I have been concerned for a while that combinations of the features in DFDL
v1.0 can be used in ways that are just far too powerful for what is needed
for data format expression.

For example, if the input is n bits, how large should the corresponding
infoset be when the data is parsed using a DFDL schema? Clearly at least
O(n) since there are n bits and each bit could create an element in the
infoset.

But should it be able to be O(n^2) ?

I can think of no use case for this. Intuition about data formats suggests
that the infoset should always be linearly related in size to the size of
the input data, and that the constant factor on that should be relatively
small.
Furthermore, the time taken to parse data should be linearly related to the
size of the data. I think lots of people are thinking DFDL parsing
should be implementable in a circuit, and the memory requirements are
proportional to the data size.
It doesn't make sense to try to make hardware implementations of DFDL if
that's not going to be the case.

Turns out, using DFDL v1.0 using dfdl:occursCountKind='expression' and
dfdl:inputValueCalc, can create an infoset from parsing that is
super-exponentially larger than the input data. Yes, it is finite, and
bounded to some function of the size of the input data. But we don't even
have notations for this kind of numeric growth.

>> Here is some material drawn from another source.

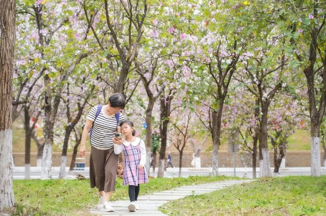 家長(zhǎng)帶著孩子暢游華南農(nóng)業(yè)大學(xué)紫荊花林。華南農(nóng)業(yè)大學(xué)宮粉羊蹄甲花海中,親子攜手穿行同賞爛漫春景。胡欣玲 攝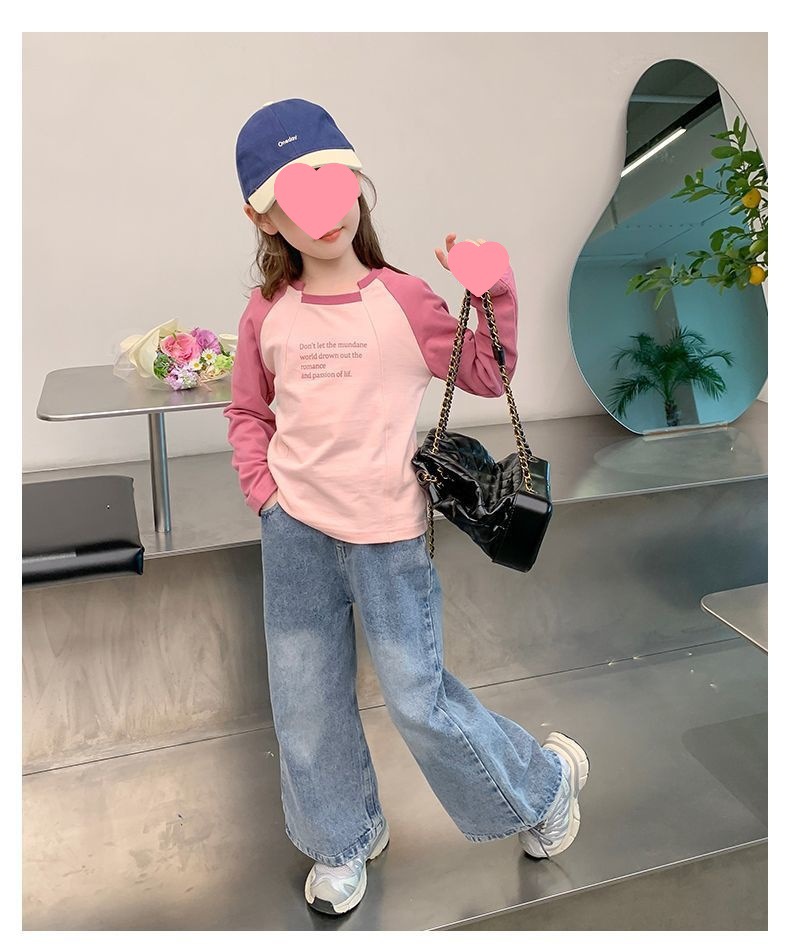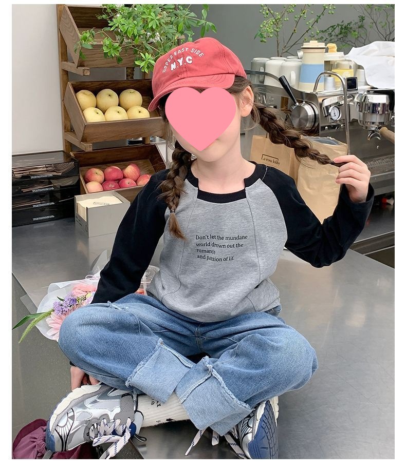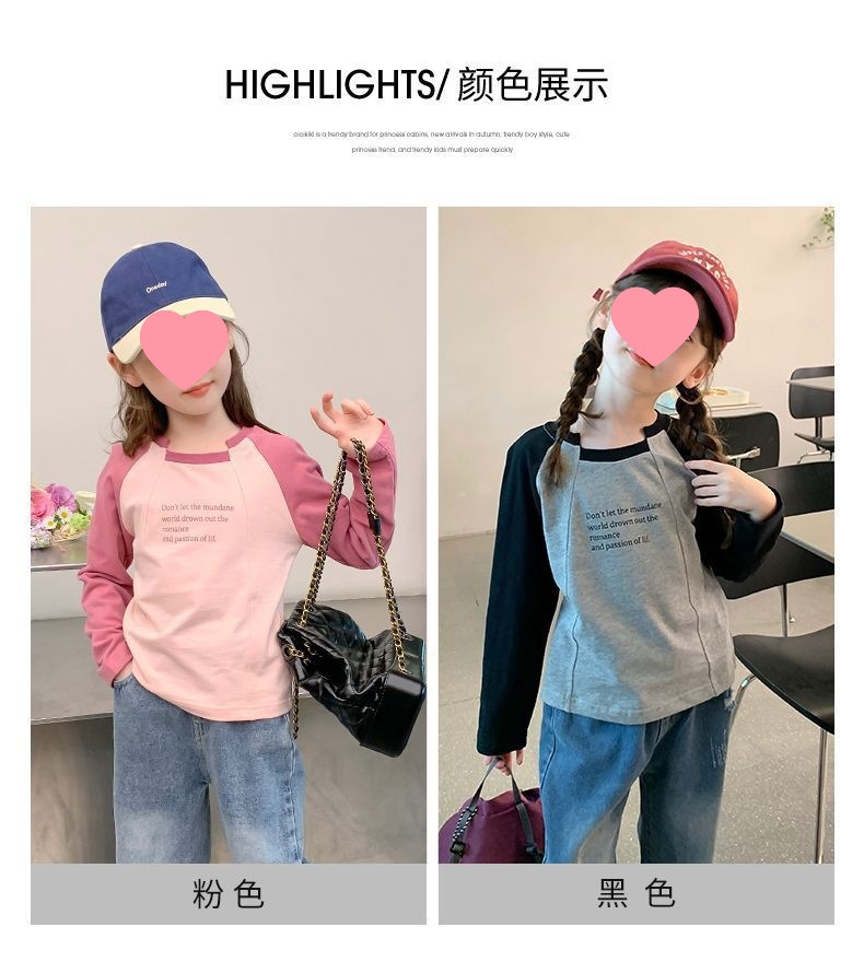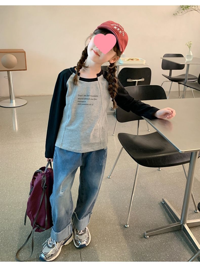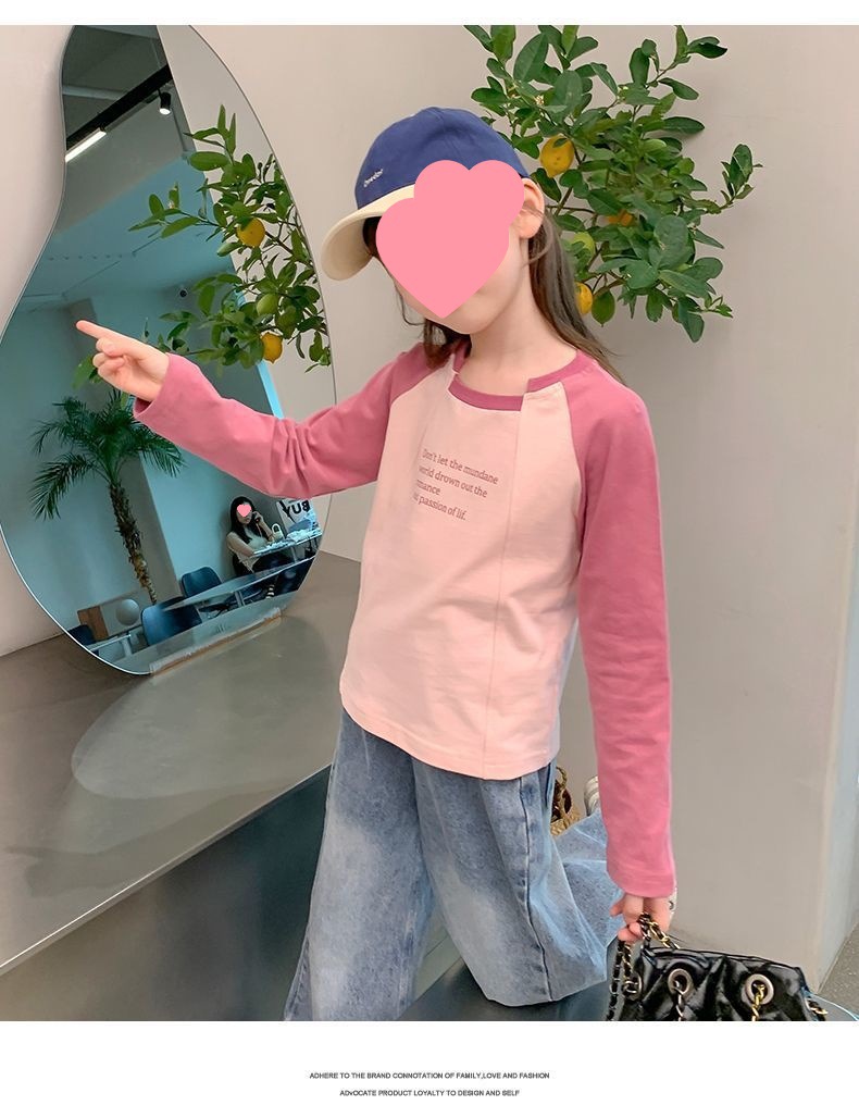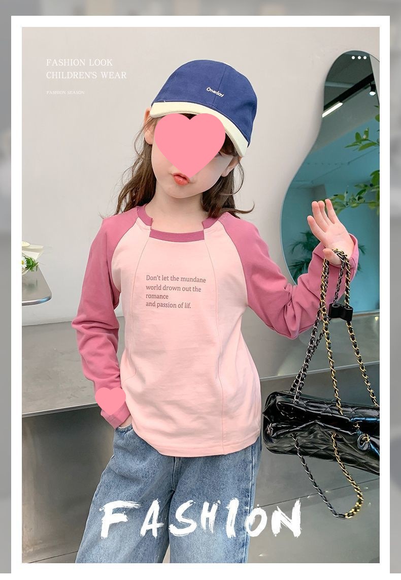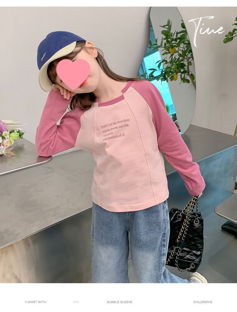 여아용 한국 스타일 캐주얼 만능 상의 긴팔 2024 봄 가을 신상 패션 배색 스타일리시 레터링 이너웨어 트렌디스토어 가기

The schema I created consumes a 3 bit integer as the data. The size of the
infoset grows like this:

   - input 000 -> infoset size 1
   - input 001 -> infoset size 1
   - input 010 -> infoset size 256
   - input 011 -> infoset size is over 10,000 elements
   - ...
   - input 111 -> infoset size is larger than the number of atoms in the
   universe.

There are TDML tests for this schema that illustrate this (except that last
one)

But it is always finite! No recursion is required to do this. With infinite
space and time available it WILL terminate. I believe the language remains
theoretically decidable.

The README in this schema project discusses this and other pathological
cases, and suggests things we can do to restrict DFDL so that this kind of
pathological behavior is not allowed.

Really we want the largest infoset that can be created from

   - n bits of data
   - a schema of size s

to be O(sn) in size. I have started an argument in the README about why
O(sn) is the right target. Basically there are practical schemas that can
meet O(sn) as a lower bound.

I believe this can be achieved by adding more forward-progress requirements
to DFDL - all arrays should have to make forward progress when parsing, not
just unbounded arrays, and reused groups/types should have to make forward
progress at points of reuse. By doing that, we ensure that to make a giant
infoset, you have to be consuming a giant number of bits.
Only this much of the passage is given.